El camino a este dramático desenlace hay que buscarlo en la alianza militar entre la monarquía de Carlos IV y la República Francesa, merced a los tratados de San Idelfonso en 1796. Según este acuerdo, ambos convinieron en mantener una política militar conjunta frente a Gran Bretaña, que en esos momentos amenazaba a la flota española en sus viajes a América. Esto obligó a que España contribuyera económicamente a las guerras napoleónicas y a poner a disposición de Francia la Armada Real para combatir con la marina inglesa.

Cuando en 1803 los británicos reanudaron las hostilidades con Francia para impedir el afán imperialista de Bonaparte, este ya había comenzado a ideara un plan para anular a la flota inglesa y poder invadir sus islas.
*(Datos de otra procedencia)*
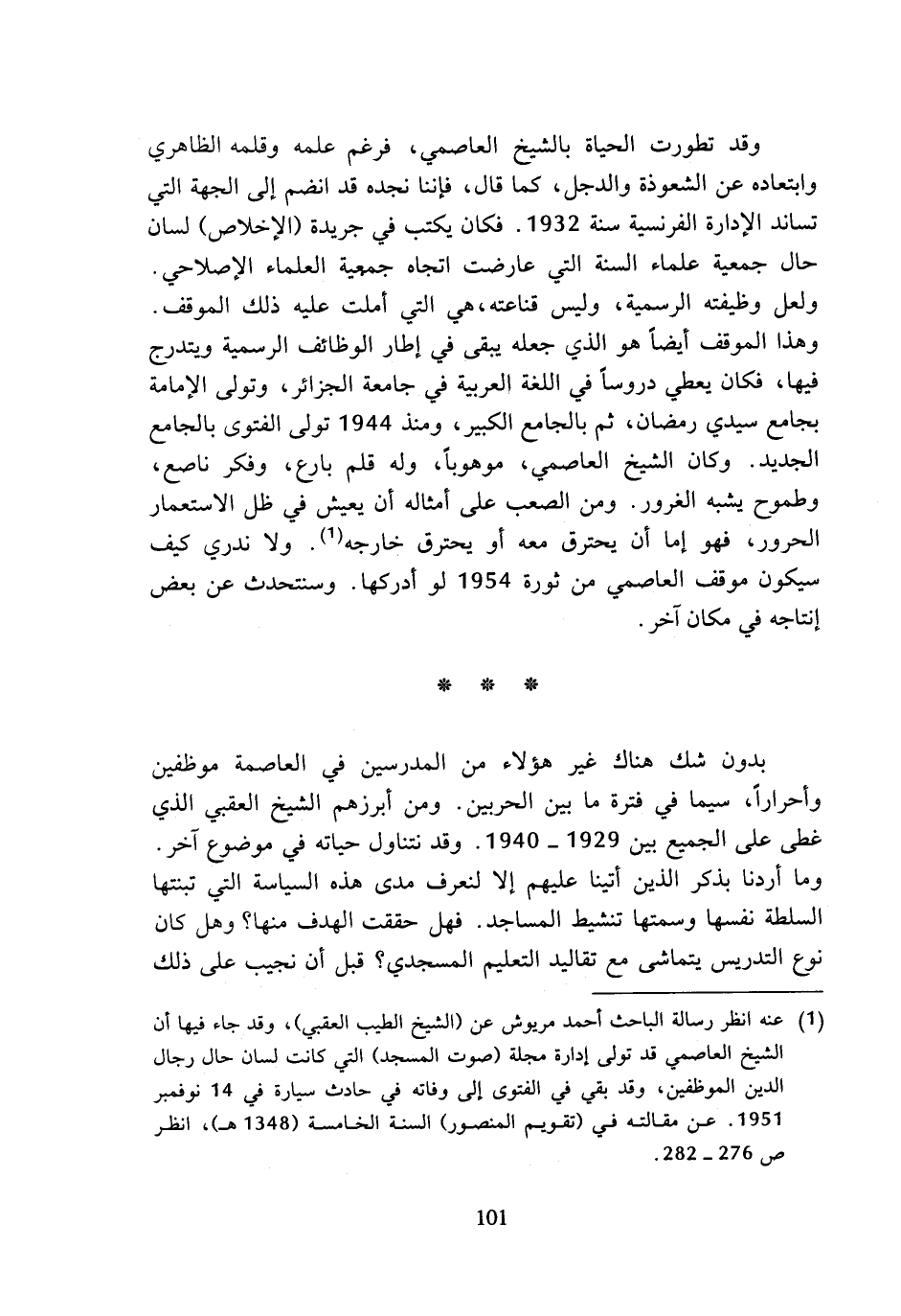 (¬1) عنه انظر رسالة الباحث أحمد مريوش عن (الشيخ الطيب العقبي)، وقد جاء فيها أن الشيخ العاصمي قد تولى إدارة مجلة (صوت المسجد) التي كانت لسان حال رجال الدين الموظفين، وقد بقي في الفتوى إلى وفاته في حادث سيارة في 14 نوفمبر 1951. عن مقالته في (تقويم المنصور) السنة الخامسة (1348 هـ)، انظر ص 276 - 282.

La estrategia, ejecutada a principios de junio de 1805, consistió en engañar a la flota británica para alejarla del Canal de la Mancha y así poder transportar un contingente de barcos franceses y españoles que iniciaran la acción sobre las posesiones inglesas.
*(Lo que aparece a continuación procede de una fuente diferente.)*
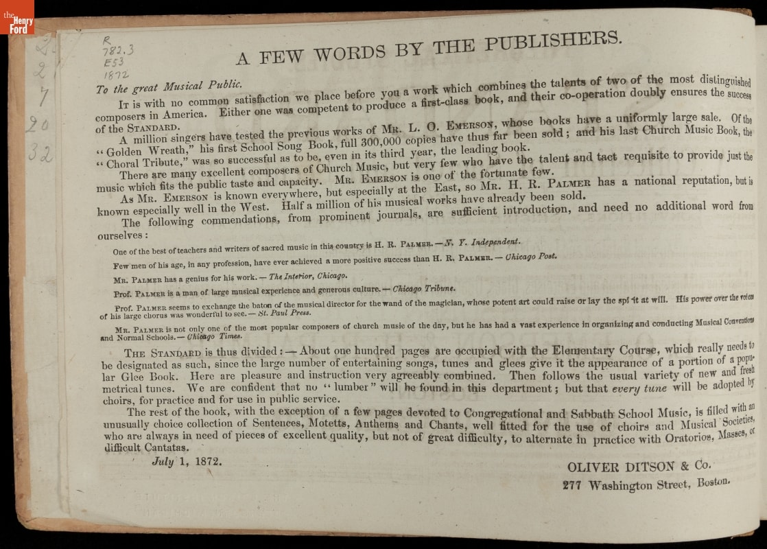 "The Standard: A Collection of Sacred and Secular Music," 1872

Sin embargo, el proyecto se fue al traste gracias a la descoordinación de las escuadras y a la ineptitud del oficial de mando Pierre Villenueve, quien ordenó la retirada hacia Cádiz en busca de refugio. Parece ser que éste se vio sorprendido por una escuadra inglesa a la que le fue imposible vencer, por lo que, desesperado, decidió cubrirse las espaldas antes de esperar a recibir nuevas órdenes. Como es lógico, esto no gustó nada a Napoleón, ya que sin el apoyo de la escuadra combinada su plan caía en picado.

El último golpe de Nelson

Para cuando la flota franco-española llegó a Cádiz, una escuadra británica comandada por el legendario Horatio Nelson había bloqueado la Bahía de la ciudad impidiendo que los buques aliados se adentraran en el Mediterráneo. Frente a ello, Villenueve optó por no salir hasta que no llegaran refuerzos, teniendo en cuenta que la capacidad de la marina inglesa era muy superior a la flota combinada, incluso cuando esta contaba con mayor número de tropas.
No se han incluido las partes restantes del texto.